Harbor’s monorepo (~420k LOC, Rust API + TypeScript admin UI) powered an on-call Slack bot. Baseline: 512-token fixed chunks, OpenAI text-embedding-3-small, single vector index, no graph.

Metric	Before	After
Correct-file recall@5	54%	87%
Answer accuracy (human graded)	41%	73%
Median retrieval latency	180 ms	240 ms
Indexed chunks (main branch)	38,400	11,200
Context tokens per answer (p50)	6,100	3,400

Changes: tree-sitter Rust/TS grammars; chunk = function or method; ripgrep-backed BM25 side index; RRF fusion; one-hop callee expansion; .gitignore respected at ingest; reindex on merge to main only.
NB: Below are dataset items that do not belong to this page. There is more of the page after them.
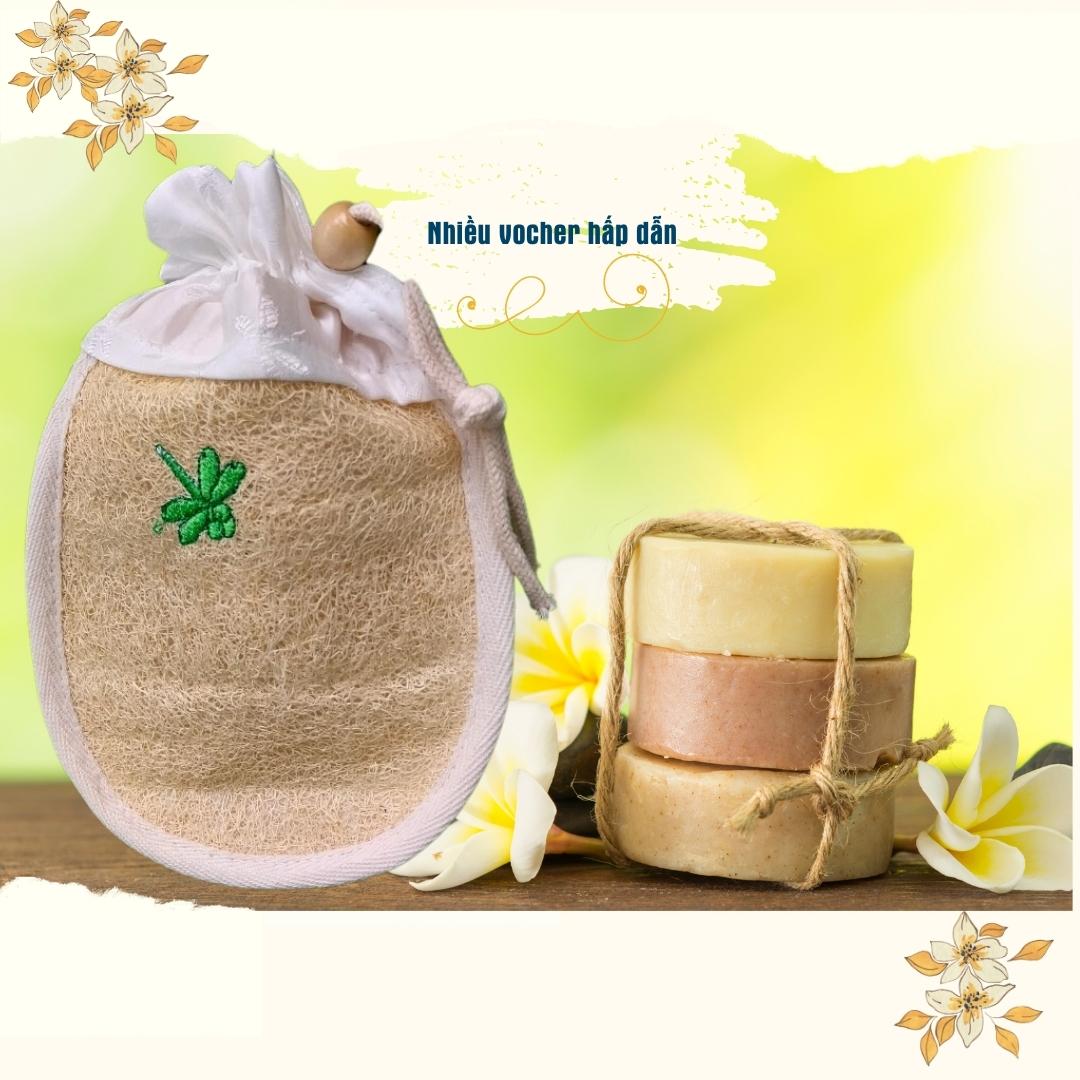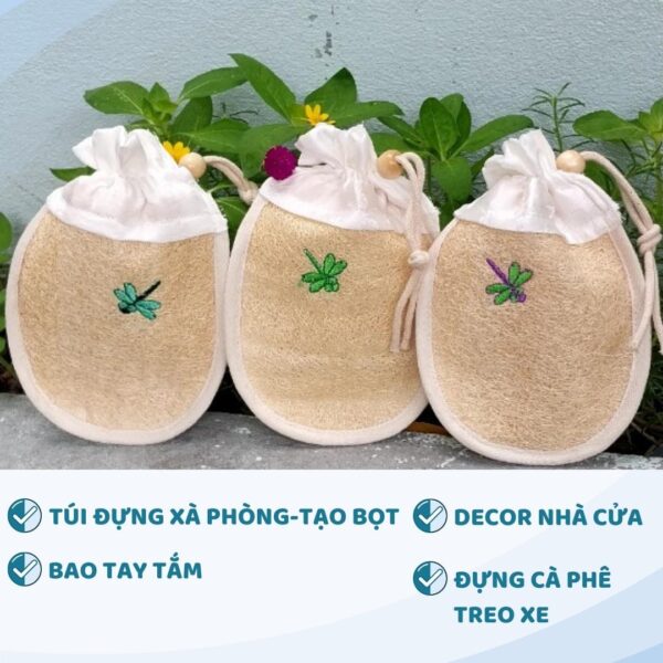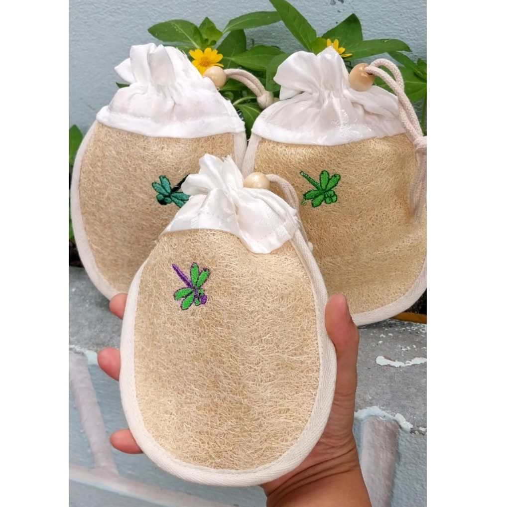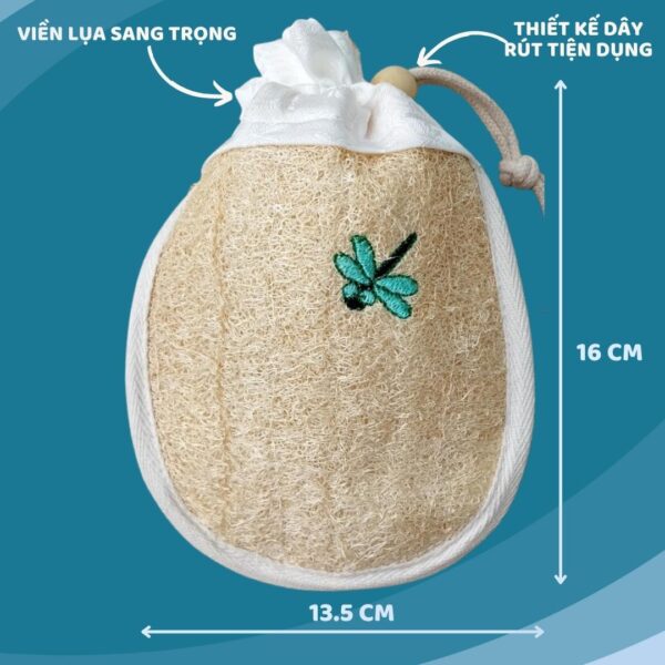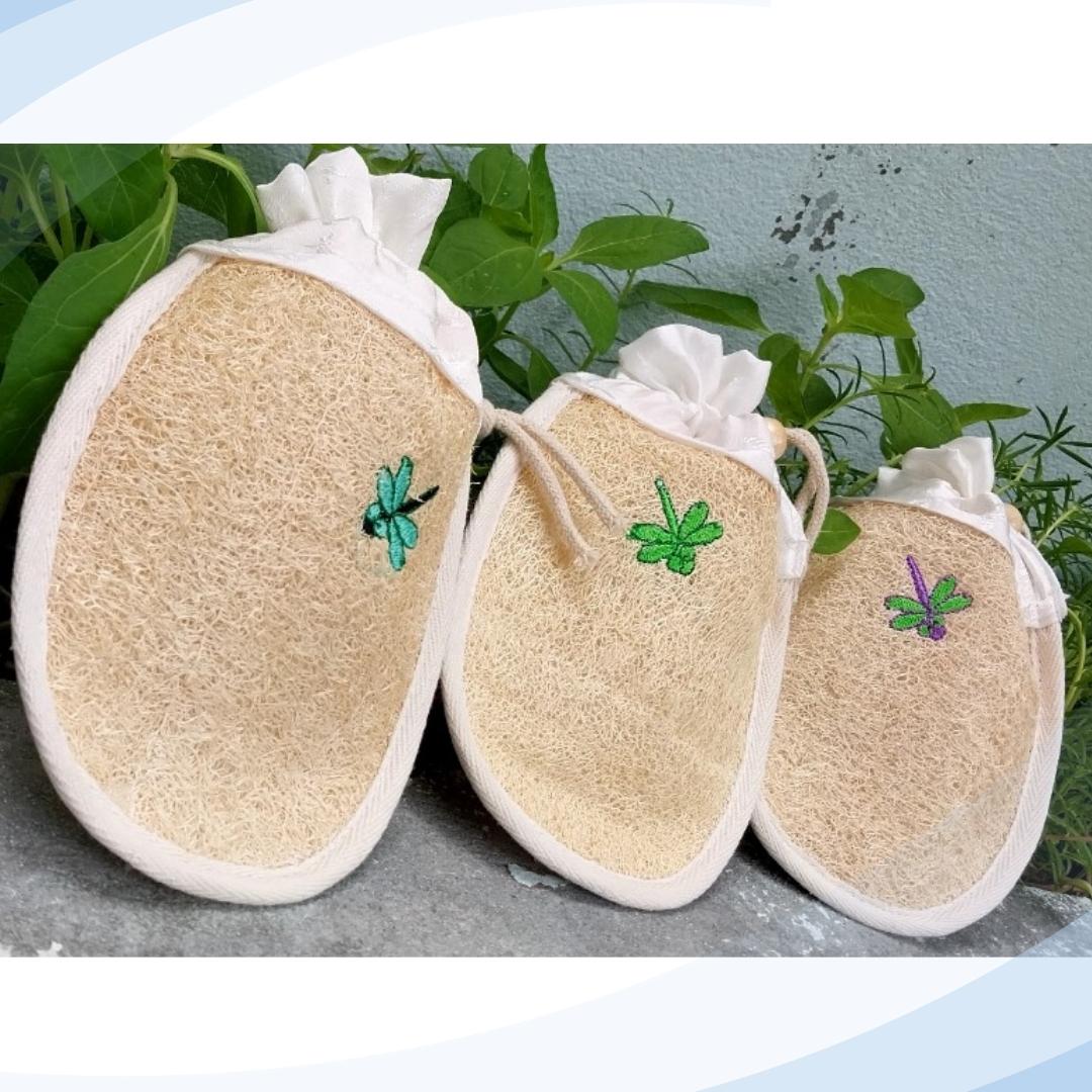 Multi-Purpose Loofah Soap Foaming Bath Mitt Bag (Cotton Trim, Hand-Dyed Silk Flap, Embroidered Detail)
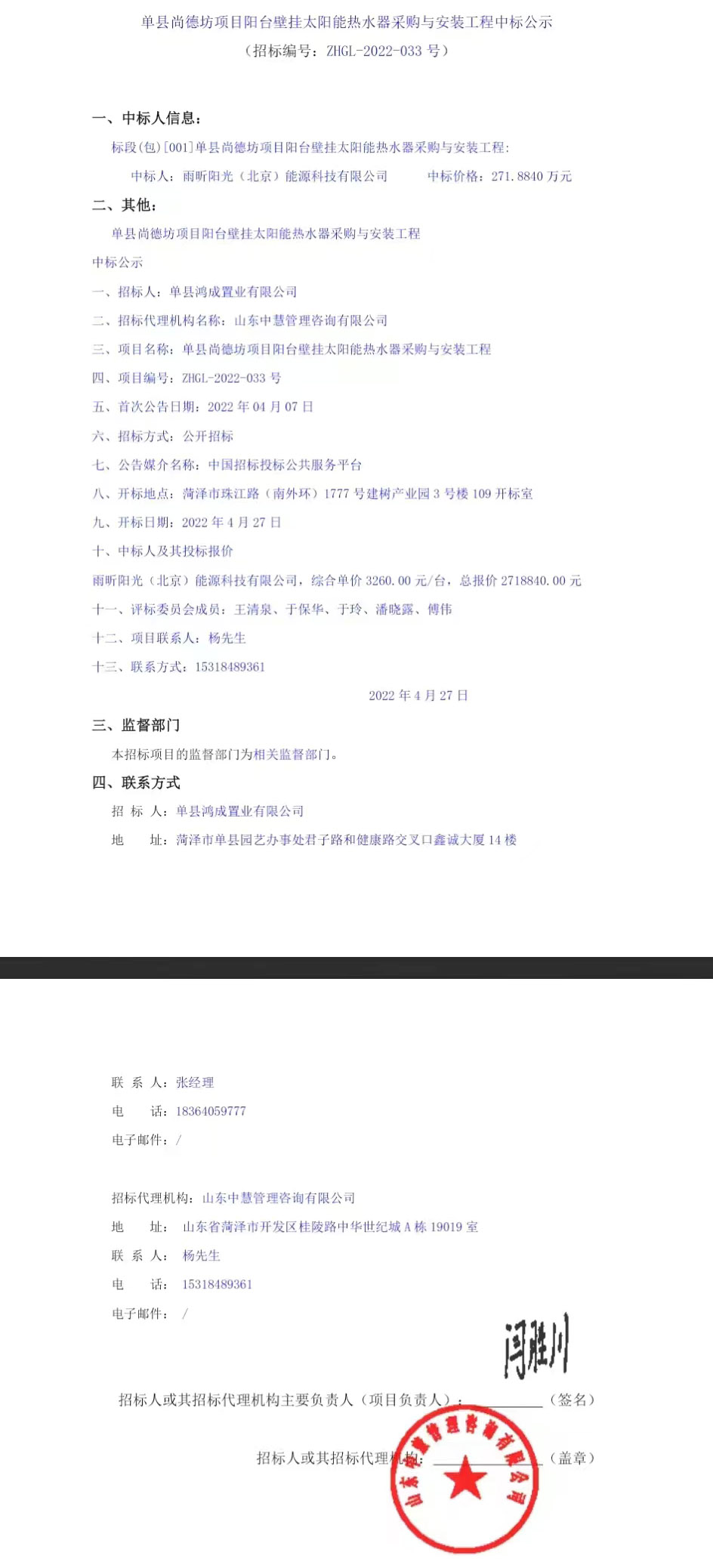 祝賀雨昕陽光中標單縣尚德坊太陽能熱水器采購與安裝工程
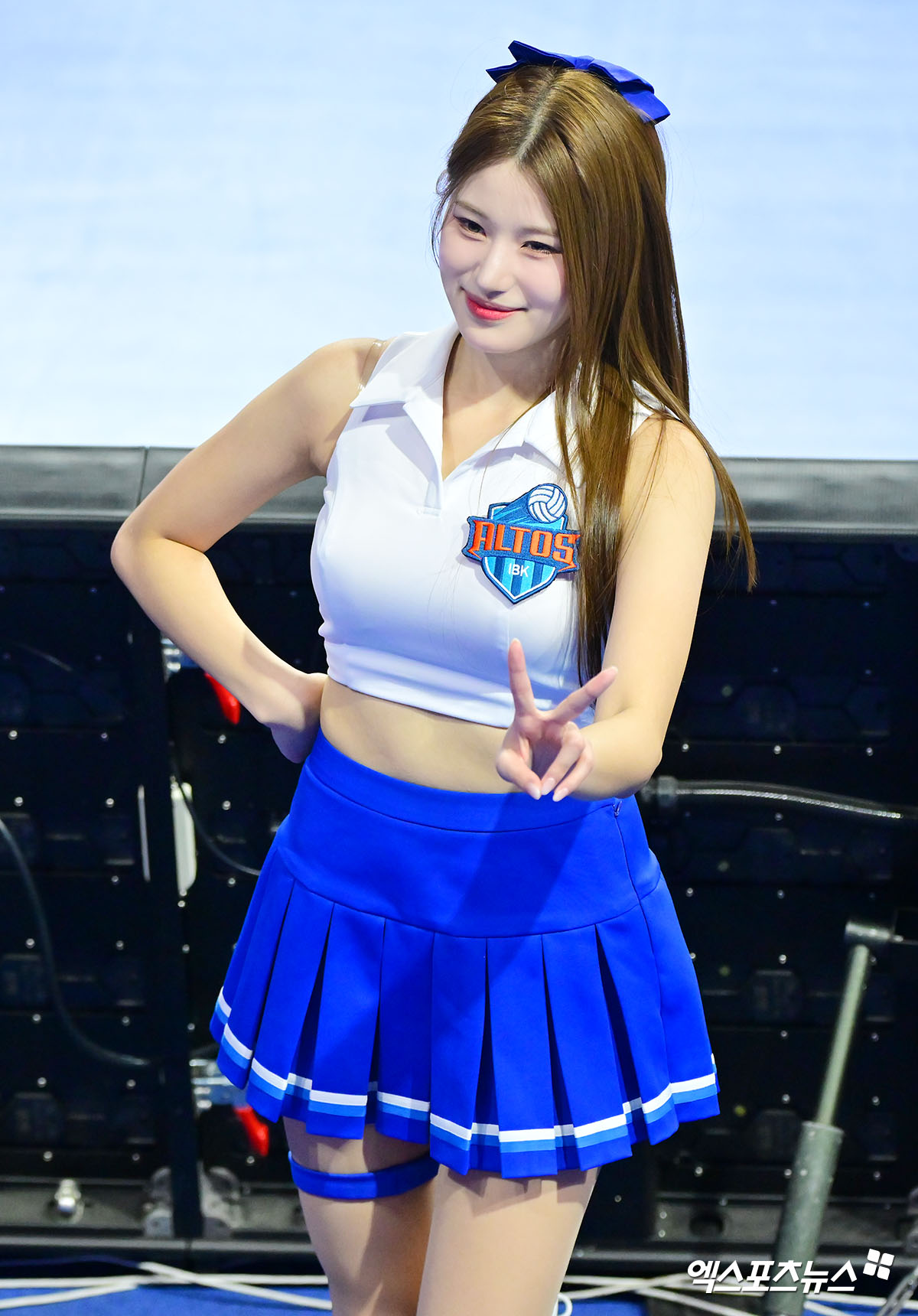 (엑스포츠뉴스 화성, 김한준 기자) 28일 오후 경기도 화성 종합실내체육관에 열린 '진에어 2025-2026 V-리그' IBK 기업은행과 정관장의 경기, 이예빈 치어리더가 열띤 응원을 선보이고 있다.
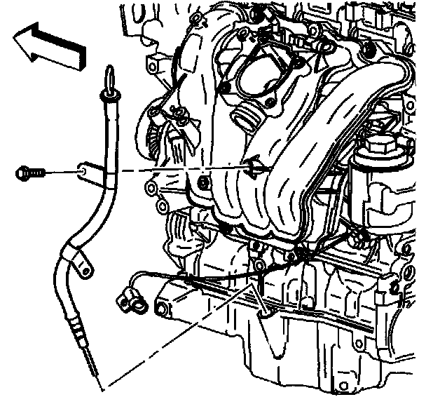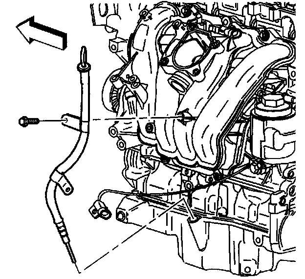 21. Remove the oil level tube bolt and rotate tube away from the manifold.
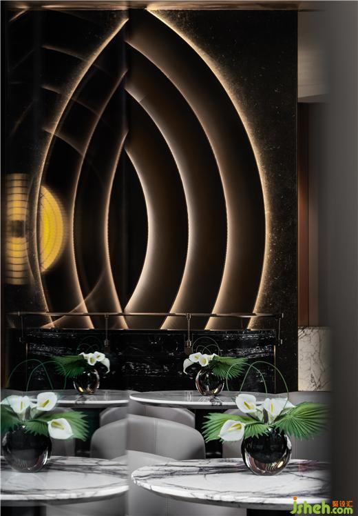 利落的幾何變體作用于空間,如水波紋擴散,如沙脊線暈染,綠意妝點其間,天地自然囊括于此。水吧區(qū)設(shè)計師與施華洛世奇聯(lián)合打造的水晶壁燈,營造空間視覺中心,古銅色金屬的厚重與切工水晶的剔透突破了工藝和創(chuàng)新的界限,照亮一室璀璨。
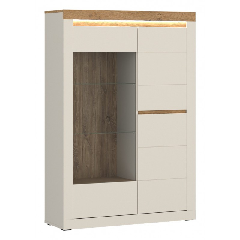 Witryna NAXV03L z kolekcji Naxxar marki Meble Wójcik to elegancki mebel do salonu lub jadalni, który łączy funkcję przechowywania z możliwością estetycznej ekspozycji dekoracji, szkła lub zastawy. Jej średniej wysokości bryła prezentuje się lekko i nowocześnie, a jednocześnie pozwala wygodnie zagospodarować przestrzeń w pomieszczeniu. To model, który dobrze sprawdza się zarówno jako samodzielny element wyposażenia, jak i część większego zestawu mebli z tej samej kolekcji.
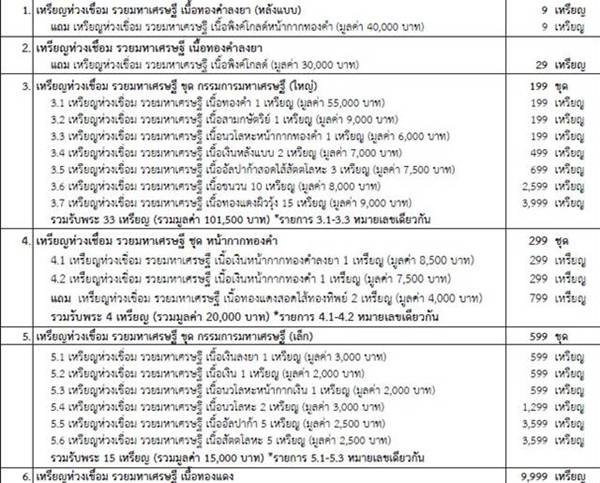 - เนื้อทองแดงสอดไส้ทองทิพย์ มี 2 เหรียญๆละ 2,000 บาท

Fewer, denser chunks reduced noise and token spend despite slightly higher latency from expansion.

Technique decision table

Approach	Best when	Weak when
Fixed-size file chunks	Prototypes, <50 files, docs-heavy repos	Large polyglot monorepos, symbol lookup questions
AST function chunks + metadata	Most production code assistants	Heavy macro/metaprogramming where AST lies
Lexical-only (ripgrep/BM25)	Exact symbol name known, IDE-style jump-to-def	Behavioral “how does X work” questions
Dense-only vector	Comment-rich code, conceptual similarity	Rare identifiers, config keys, error codes
Graph expansion	Call-chain and data-flow questions	Dynamic dispatch, reflection, plugin systems
Agentic multi-step search	Cross-service traces, refactors spanning dozens of files	Low-latency chat, strict cost caps
Full-repo prompt (no RAG)	Tiny libraries <32k tokens	Any real monorepo

Common pitfalls

Indexing build artifacts — doubles index size and surfaces gibberish; honor .gitignore and custom deny lists.
Stale branch chunks — mixing main and feature-branch symbols confuses answers; scope indexes per branch or default to merged main only.
Split signatures from bodies — never embed a function body without its signature line; models hallucinate parameters.
Ignoring binary and generated files — minified JS and SQL migrations create junk hits.
Secret leakage — RAG over private repos still risks exfiltration via prompts; enforce ACL on metadata filters per team.
Over-expanding context — ten imported files drown the answer; cap expansion and rank by edge weight.
Skipping eval on real tickets — synthetic coding puzzles mislead; harvest questions from Slack, GitHub issues, and PR comments.

Production checklist

Define supported languages and tree-sitter grammars; fail closed on unknown extensions.
Chunk at function/class boundaries with signature headers on splits.
Attach symbol metadata and commit SHA to every vector payload.
Run secret scanning and license checks before ingest.
Build BM25 + dense indexes; fuse with RRF or rerank top 30.
Implement one-hop caller/callee expansion with dedup before synthesis.
Reindex incrementally on push to default branch; TTL stale branches.
Measure recall@k on file path and human answer accuracy weekly.
Log retrieved paths and commits for debugging wrong answers.
Document escalation to agentic search when single-shot retrieval fails.

Key takeaways

Source code needs syntax-aware chunks and symbol metadata — fixed token windows over raw files break functions and miss imports.
Hybrid lexical plus dense retrieval outperforms either alone on real developer questions that mix behavior and identifier names.
One-hop dependency expansion along call and import edges fixes cross-file answers that vector search alone cannot reach.
Harbor Engineering raised correct-file recall@5 from 54% to 87% with AST chunks, BM25 fusion, and callee expansion — fewer chunks, lower token spend.
Treat repos as versioned, ACL-scoped indexes: respect .gitignore, pin commit SHA, and never ingest secrets or build output.